On Monday, 8 April 2019 at 12:23:28 UTC, Ron Tarrant wrote:
I'm digging into templates in an attempt to understand the signals-n-slots replacement for the observer pattern, but I've got a question I can't seem to find an answer for and an example for which I'm unable to solve the error.

First, the question...


Your confusion arises in your understanding of meta programming and templates. Templates are compile time expressions that use parameters. They are exactly analogous to parameters in typical programming but allow one to pass around CT information that doesn't exist at run time.

It is not the statement itself that is a template but the fact that it depends on a "template", which is a sort of abstract variable.

class C(T)

template C(T)

struct(T)

interface(T)

void foo(T)()

etc...


are all things that depend on a template parameter T. One can say that they are all "templated" or are "templates".

One can also say they are parameterized(meaning they take a parameter, but the parameters are CT "objects".


Essentially template is the most general and the rest are just syntactic sugar.

e.g.,

template CC(T)
{
   class C
   {
      T t;
   }
}


template CC is a "template"(just like a cookie cutter but that can configure itself depending on what T is, as this example shows that we can create a class with different type of t.


D has all kinda of stuff like this that help reduce the bloat of templates. Sometimes you must use one method over another for certain effects but usually you can pick and choose.

The idea is not to think of meta programming as something different than normal programming. It is still programming and there is enough of an overlap that it benefits one to realize they are the same thing but are at different levels in the type system. Meta programming works on the type hierarchy while "runtime programming" works in the type hierarchy. Meta programming is a super set of runtime programming.


The way I think of meta programming is that of coding runtime code. Run time code codes binary code. If I create a statement like

writeln("test");

I know that the code gets translated in to a call instruction, pointers are used, "test" exists in some location in memory, etc... it all is machine code though when I compile.

When I do something like this

foo!int();

I know that the first part of foo!int is "meta code" and it first gets translated in to runtime code and then that code gets translated in to machine code.

For example

void foo(T)(T s) { writeln(s); }

in this case, depending on what T is at compile time(which I get to decide in some way and so I know exactly what it is at compile time, in theory), foo takes on different versions.

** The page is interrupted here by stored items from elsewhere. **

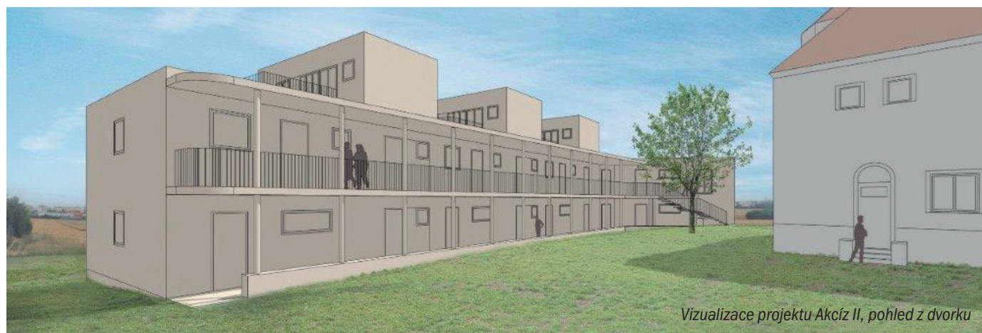
Vizualizace projektu Akciz II, pohled z dvorku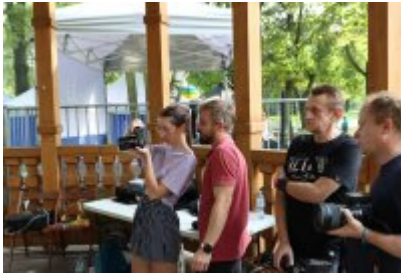
• Wakacyjny koncert na Jordanie (25.08.2024)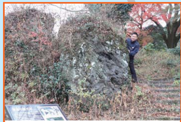
① 曾我の隠れ岩 曾我兄弟が身を潜め父を殺した工藤祐経の討ち入りを相談したといわれる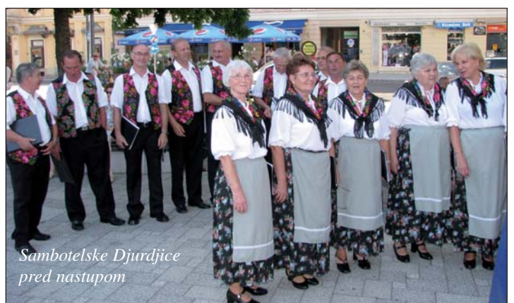
Sambotelske Djurdjice pred nastupom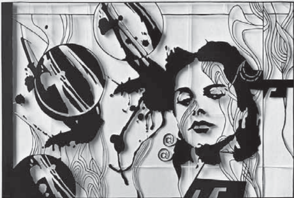
Papierschnitt, 2020, 50 x 70 cm

Es wird darum gebeten, sich über die zum Zeitpunkt der Eröffnung geltenden Hygienevorschriften und pandemiebedingten Zugangsbedingungen der Veranstaltung kurzfristig auf der Homepage der Galerie, www.galerie-der-stadt-backnang.de , zu informieren. Sollte eine reguläre Eröffnungsveranstaltung mit Ansprachen nicht möglich sein, wird die Ausstellung am gleichen Tag um 17:00 Uhr ohne Veranstaltung als „soft opening“ starten, sofern die Corona-Regelungen dies zulassen.

if I call foo(3) then it is writeln(3) and T is an int(by deduction in the compiler) and the compiler can even optimize out certain things here because it also knows that 3 is known.(this is CTFE) There is nothing to optimize in that example though.

if I call foo(readln()) then the the compiler cannot optimize out but this code get translated in to writeln(readlin()) but T is a string(since readln returns a string and the compiler can deduce it).

But in general foo acts as all these possibilities(and all the possibilities are known by the compiler because they have to be known to compile and use).

So, what does templates do? They combine very similar code in to meta blocks that can then be easily used. They allow constructing very complex meta code such as

void foo(T)(T s) { static if (is(T == string)) writeln(s); }


and now foo is much more complicated because it has two completely different behaviors depending on what T is. You can't get that with run time code without a lot of work and it will never be efficient. But here the compiler will eventually know what T is and it can then choose the correct path at compile time. The if will disappear and so no extra overhead exists at runtime.

So, templates are very powerful things(the above doesn't even dent their power) The idea to bear in mind is that anything in D is a template if it takes a template parameter. Think of a template as a drawing template used to sketch something. It isn't the final result but it shapes the final result. It is more like a blueprint or a program in and of itself.

I think the hard part for many is that they can't balance the meta programming part with the run time part. This is very easy though if one always just keeps track of which side one is programming in and not to mix them up(mentally).

The meta programming part will always be obvious, it will depend on template parameters and use meta programming constructs. There are sometimes overlap between the two levels but it because natural once one gets enough of an understanding.

The hardest part about D is that it has so much meta programming stuff and there are sometimes bugs and special cases to do things, but the grammatical design of it's type system is very nice and sane compared to most other procedural programming languages.


Always keep in mind that the templating system is about creating "generic" code. source code that generates source code(D could spit out a non-templated source code version if it was designed to) which then generates machine code.

Each higher level allows one to organize levels below it and create generic solutions to problems.

Ideally we would have even higher levels but programmers haven't evolved to this point yet(maybe some functional languages have).